Em meio às intrigantes descobertas acerca de sua existência, o ser humano carrega sobre si a eterna fragrância natalícia. Sente necessidade de crescer, atingir a maioridade, a independência, a liberdade que tanto procura e que vem a ele como uma onda terrível em alto mar... e por ser tão interessante o desafio, ele se joga.

Qual a criança que de ímpeto temeu ao choque? À queda? Ao choro? Ao medo? À sua própria sombra? Talvez até ao ver seu rosto refletido no espelho?

Ah, que criança por mais criança que fosse, rejeitaria o xiiiii e a ordenança: -dorme, neném!

Penso que essa expressão descortina as ideologias criadas há muito tempo por nossos antepassados. Talvez é melhor que você não chore, engula o choro, e que você durma, mesmo sem vontade! Sinta-se hipnotizado pois esse é o interesse dos adultos nesse momento.

E quando você atingir a idade adulta, não sairá desse ciclo. Pois para os pais o filho sempre é um bebê e quando você tiver seus filhos repetirá todas essas ações, tentando inibi-lo de quedas e fracassos, de conhecer o mundo, a vida, de arriscar um atalho, porque para você já existe um caminho único que ele deve trilhar sem vacilar, sem erros e passividade de imperfeição. Afinal, esse filho querido é o espelho límpido para a sociedade corrompida. Classificado como o melhor, o ser impecável que não cai e nunca chorou por ter levado um choque na tomada, uma ovelha branca, limpa e preservada.

Nos primeiros dias, o cuidado é triplicado. Um bebê não tem autonomia para nada fazer. Meses depois, começa a comer algo além do leite materno e é onde vai se desligando, em quesito dependência da sua madre. Começa a engatinhar e esse é o grito inicial de independência total, até quando passa a caminhar. Seus primeiros passos, trêmulos, nervosos, receosos da queda que sempre foi recomendado a não vivenciar.
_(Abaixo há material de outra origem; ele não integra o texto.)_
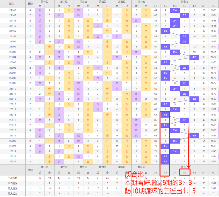 上期质合比:1:5,近10期质合比出现情况:1:5、3:3、1:5、2:4、4:2、2:4、1:5、2:4、1:5、1:5,最近10期出1期3:3,出现1期4:2,出现3期2:4,出现0期5:1,出现5期1:5,出现0期6:0,出现0期0:6,根据近10期规律本期看好遗漏8期的3:3,防10期循环的三连出1:5,综上所述推荐质合比推荐:1:5,重点关注:3:3。
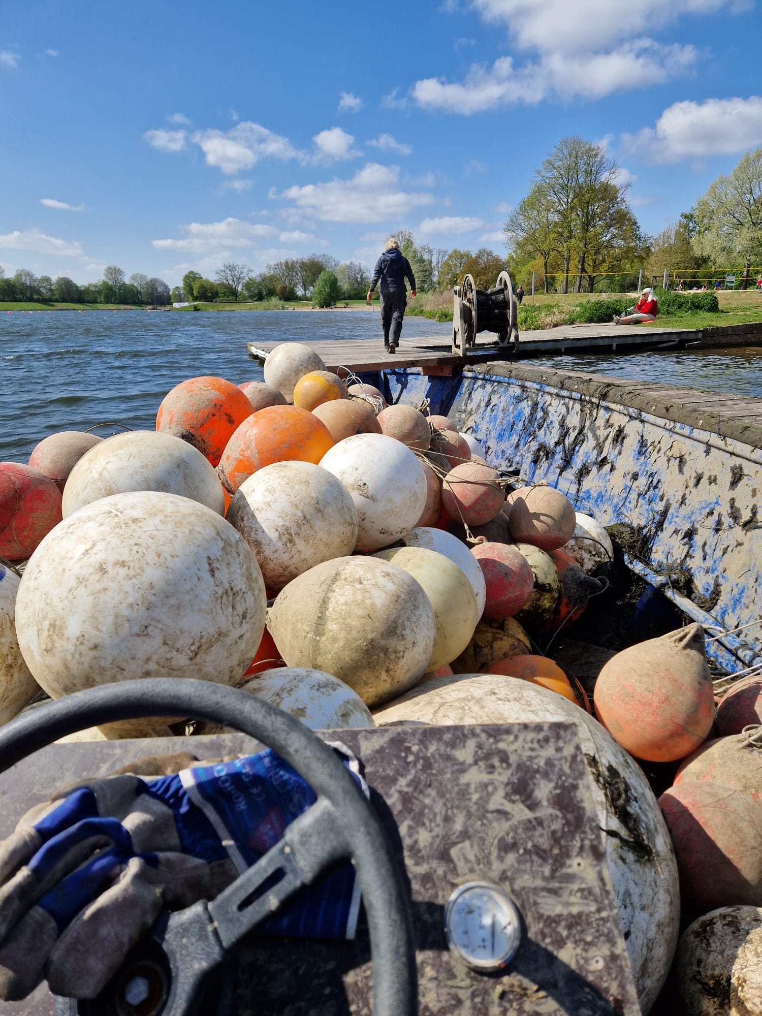 Am 25. April stand die Vorbereitung unserer Regattastrecke im Fokus. Während 6 Helfer:innen die Einzelteile der Startbrücke kontrolliert und repariert haben, waren parallel 11 Aktive in zwei Schichten damit beschäftigt, die Bojen auf der Strecke zu setzen.
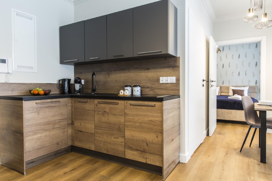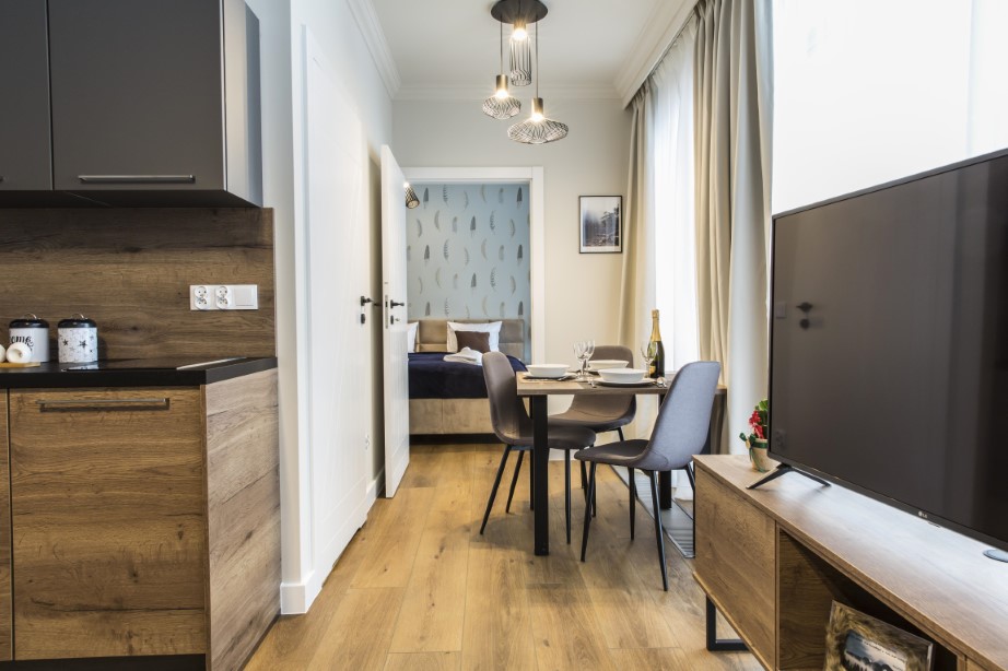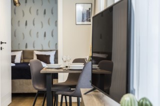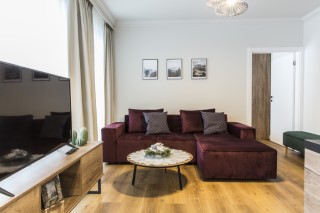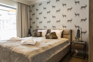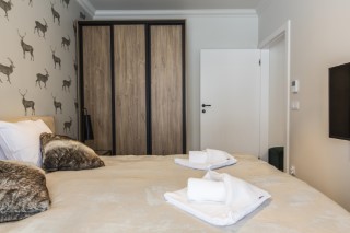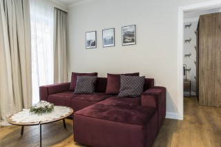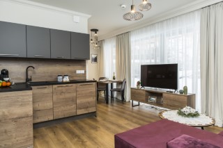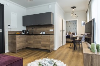 The apartment is decorated in modern style with wooden elements . The apartment has two bedrooms, a living room with a sofa and a fully equipped kitchenette with a fridge, a coffee machine and microwave . Flat-screen TVs are offered. Apartament features free WiFi.

A queda é absolutamente o que um recém-nascido precisa para descobrir que é um ser humano. Nesse momento, sente que tem um corpo, sentimentos, desejos e que nem todos os seus desejos são as melhores opções. Mas ele precisa desejar algo, pois faz parte do seu instinto.

Dentre seus desejos, necessita fazer escolhas selecionando o que é melhor para si. Mas em meio à sua inocência, grande parte dessas seleções o farão sentir-se o pior dos seres, o mais pecador de todos, até o dia em que sentir-se-á moldado, conforme as suas decisões. E por falar em decisões, elas acontecem, na maioria das vezes, quando não temos um mentor humano para nos orientar, deixando assim a autonomia que tanto precisamos e que geralmente aqueles que nos ensinaram o caminho pré-definido rejeitam.
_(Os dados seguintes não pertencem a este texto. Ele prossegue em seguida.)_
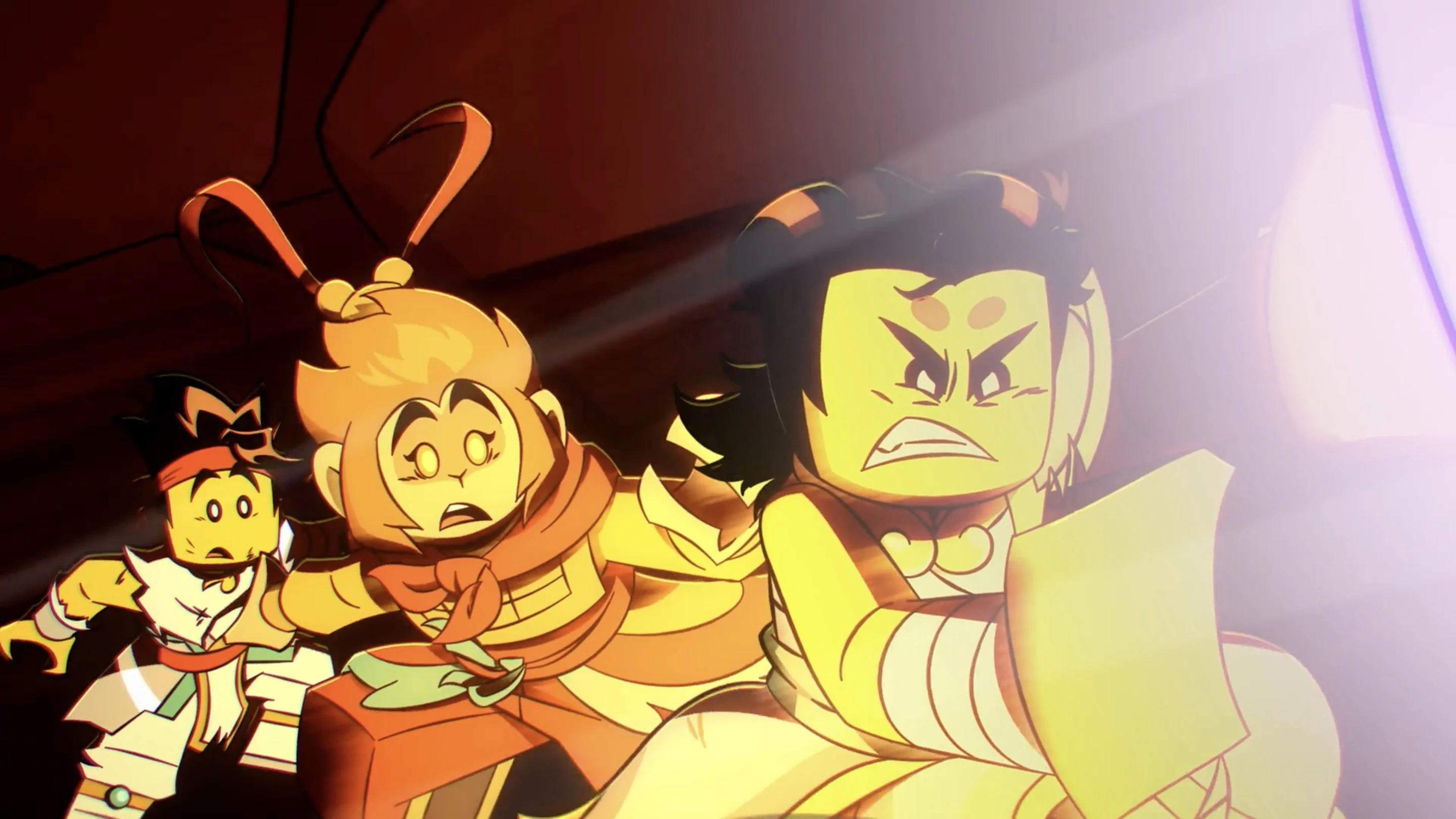 As soon as the battle began, Peng faced Macaque in a one-on-one confrontation. They couldn't help but feel disgusted by Macaque's decision to fight alongside the Monkie Kids. In an attempt to understand Macaque's loyalty to the Monkey King, Peng wondered if there was anything the Monkey King could do to make Macaque abandon his allegiance. Macaque, however, made it clear that he had never liked Peng from the start. With a swift motion, he conjured a portal, through which Mei arrived. Utilizing her Dracokinesis, Mei launched an attack on Peng, who skillfully blocked it. In the meantime, Pigsy, Tang, and Sandy made every effort to steer clear of any confrontation with Yellowtusk, who possesses a deep understanding of the imminent annihilation of the universe. However, despite this knowledge, Yellowtusk remains loyal to Azure Lion due to their unbreakable bond as sworn brothers.
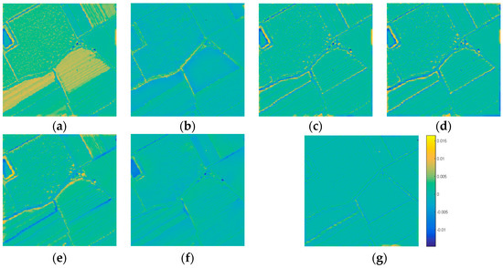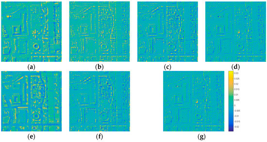 Visual comparison of difference images (light blue means small differences) between each fused HS image and the reference HS image (Salinas dataset). (a) PCA; (b) GFPCA; (c) HySure; (d) MGH; (e) CNMF; (f) Sparse Representation; (g) Proposed.
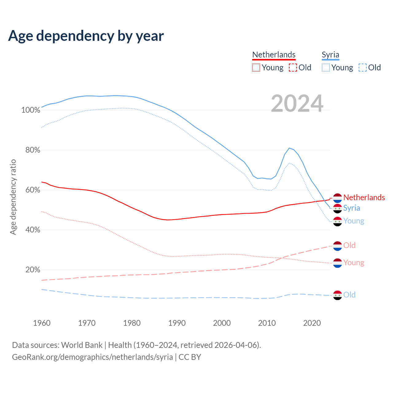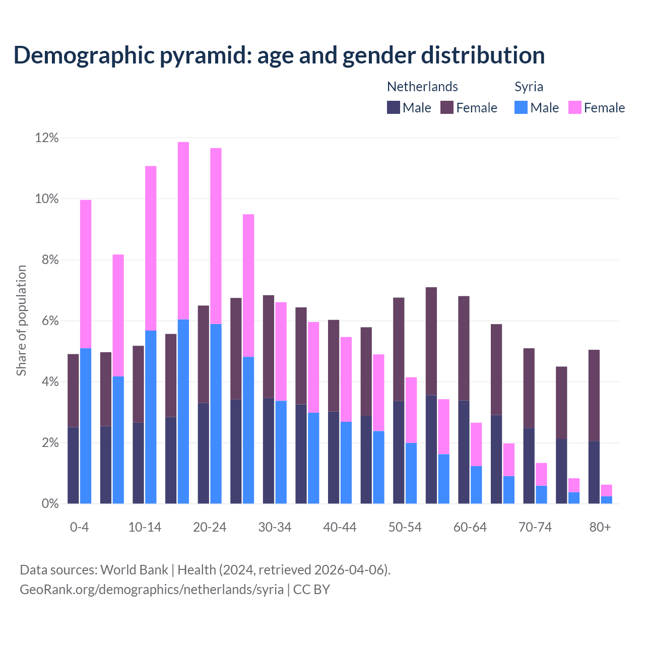 - The share of old-age demographic (65+) in the Netherlands is 20.5% vs 4.74% in Syria.
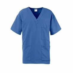 Medline Unisex Scrub Tops Madison AVE⢠Unisex Scrub Top With 3 Pockets, Ceil Blue, Large
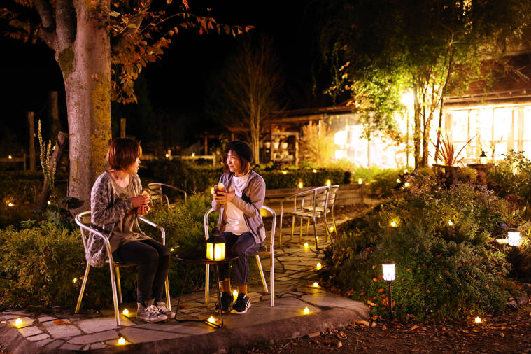 通常は夜間営業を行わない蒜山ハーブガーデンハービルで高原の解放感の中、彩られたキャンドル空間をお楽し...
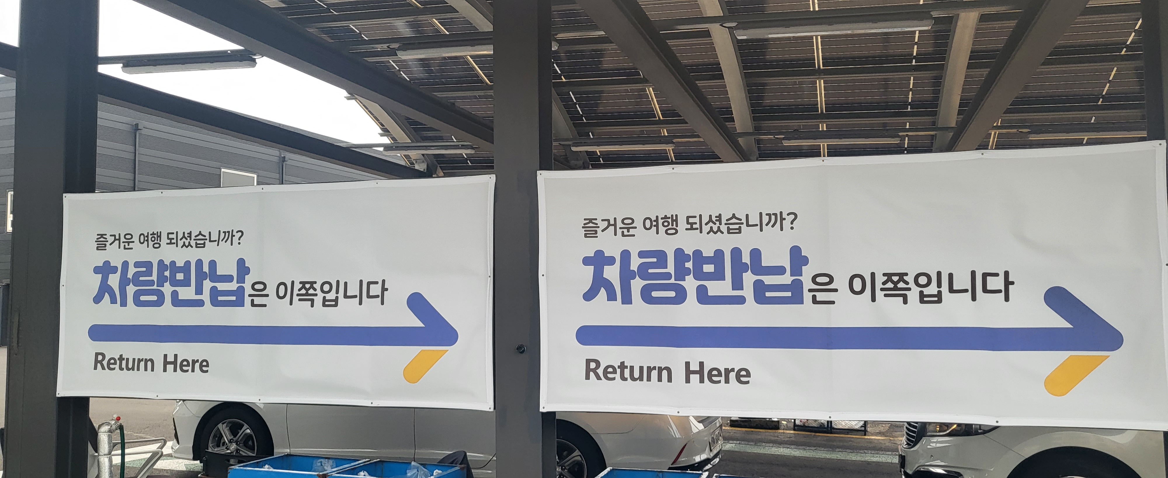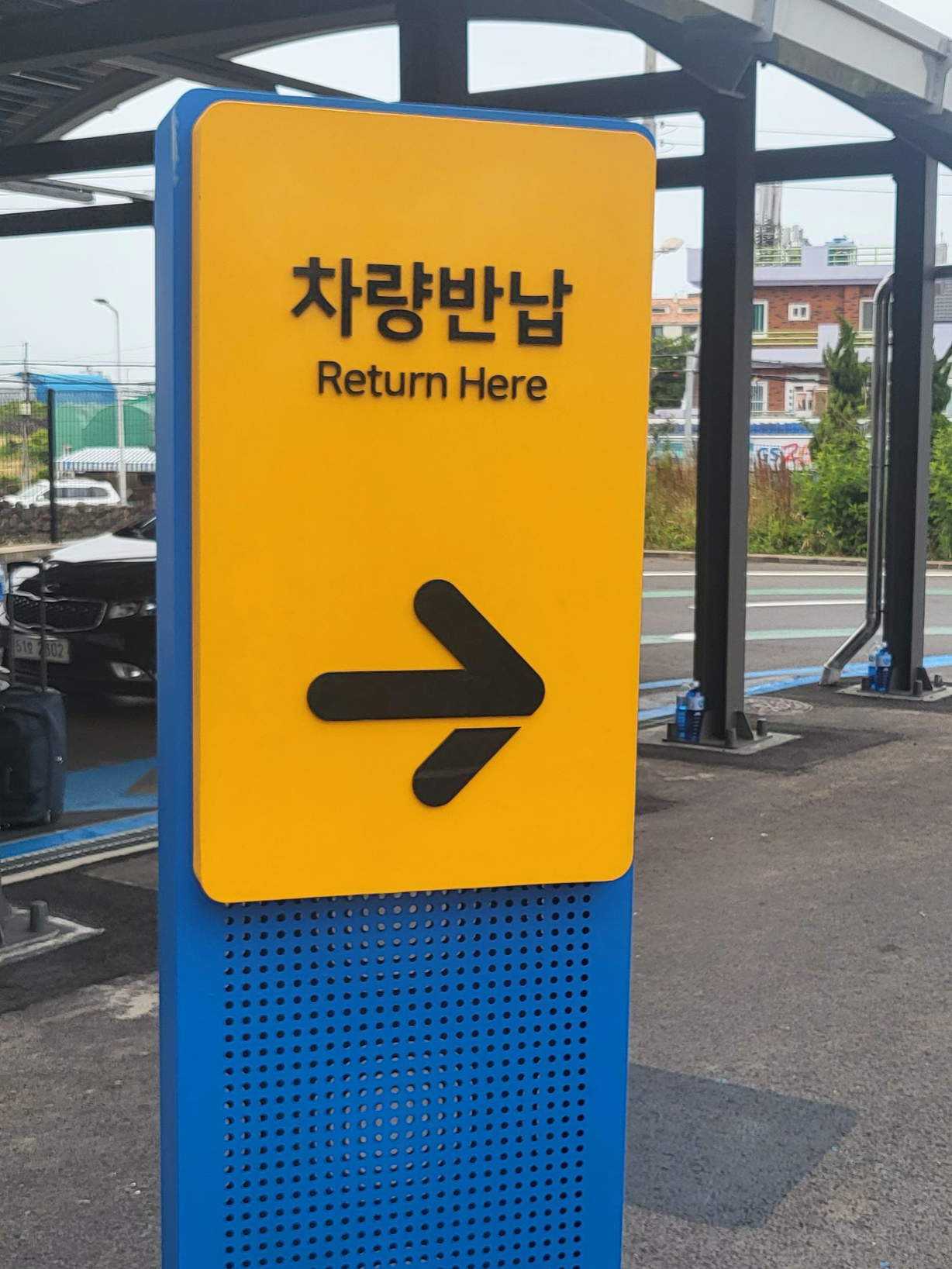 빌리카 들어가자마자 차량반납 하는 곳 표시를 따라 이동합니다.

Mediante às escolhas que fazemos, levar um choque, cair, quebrar o braço, quebrar os próprios brinquedos, quebrar objetos preciosos dentro de casa, quebrar a confiança dos pais, são riscos que todos os humanos vivenciam e quem nunca agiu assim, que atire a primeira pedra.

Portanto, deve-se compreender que um dia o sono será profundo, irremediavelmente profundo, e que nesse sono todas as atitudes inocentes ou independentes exigirão uma prestação de contas e que nessa instância, a maior necessidade é acordar para um novo viver.